WE DON’T NORMALLY associate the late, great French leader Charles de Gaulle with merriment, but he was once heard to say that “One must take one’s fun where one finds it.” I have lost track of the biography in which that remark appears, but I certainly can agree with the general, while possibly adding the caveat that movie premieres and awards ceremonies, whether glossy or drab, are events where one is very unlikely to have anything that could accurately be called fun.

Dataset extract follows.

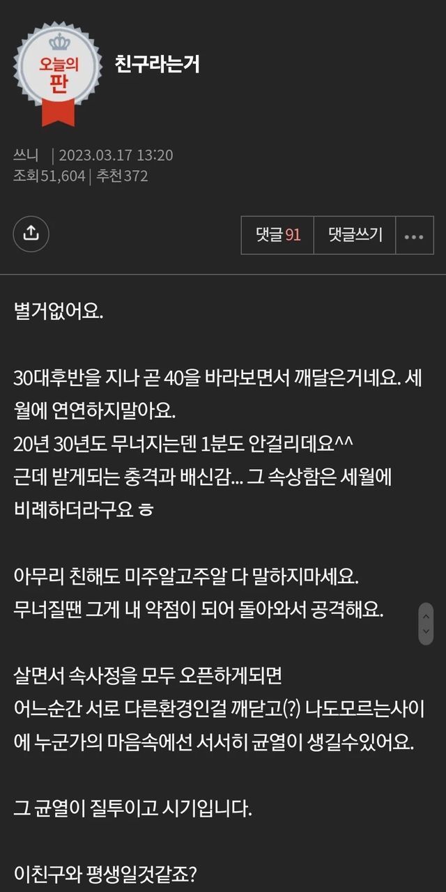카테고리 없음 30대 후반이 되고서야 깨달은 '친구'라는 존재 by 마케팅하는개발자 2024. 5. 19. 반응형 반응형 공유하기 게시글 관리 공부하는개발자 저작자표시 (새창열림) 댓글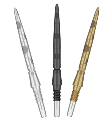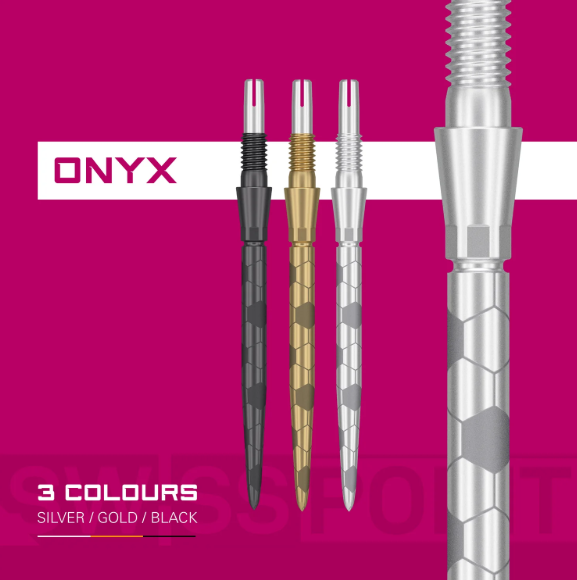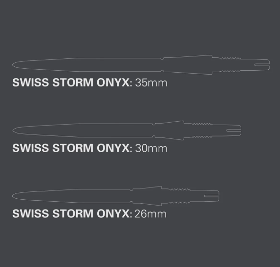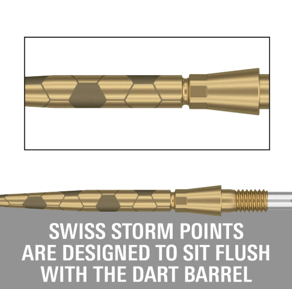 The Swiss Storm Onyx Points combine cutting-edge design with performance functionality for serious dart players. Designed to sit flush with the barrel, creating a seamless transition that enhances finger placement and improves aerodynamic performance. The striking laser-etched hexagonal pattern not only adds a bold visual identity but also delivers subtle finger grip, ensuring enhanced control and confidence at release.

Previous to the chariot race of Brokeback I had only attended two premieres: a very modest one for Hud held in Fort Worth in 1963, and a more elaborate one in Hollywood for The Evening Star, which Diana and I and some friends more or less crashed. We may have been sent tickets to this bespangled event, but that doesn’t mean we were made to feel welcome when we arrived. I have been told that differences abounded during the making of this strange film, one result of which was that Polly Platt was sent into exile, after which a general feeling of malaise held the production in its grip. The director was Robert Harling, the star was Shirley MacLaine, who about that time was the victim of a classic put-down, delivered by the late Walter Matthau. The put-down occurred at Irving Lazar’s eightieth birthday party, held in Le Dome, a French restaurant on Sunset where Irving liked to hold court.
Diana, Sara, myself, Angie Dickinson, Walter Isaacson (then the editor of Time), were ticking off all the places we had flown in from. Angie Dickinson said Aspen, and we said Tucson when Shirley MacLaine came over and sat next to Walter Matthau, who looked at her skeptically and said, “Where did you fly in from, Uranus?” Shirley MacLaine did not respond.
I don’t know her, but, a year later, while presenting an award, I was sitting alone in an old theater when a scaly hand suddenly grasped mine. It was Shirley, who was receiving an award for The Evening Star. “What do I say,” she asked, “if they ask me why I wanted to play Aurora?”
Fortunately I had an answer ready.
“Well, it might be,” I suggested, “because she always parks a yard from the curb so as not to scrape her tires.”
That was good enough for Shirley, who used it in her speech.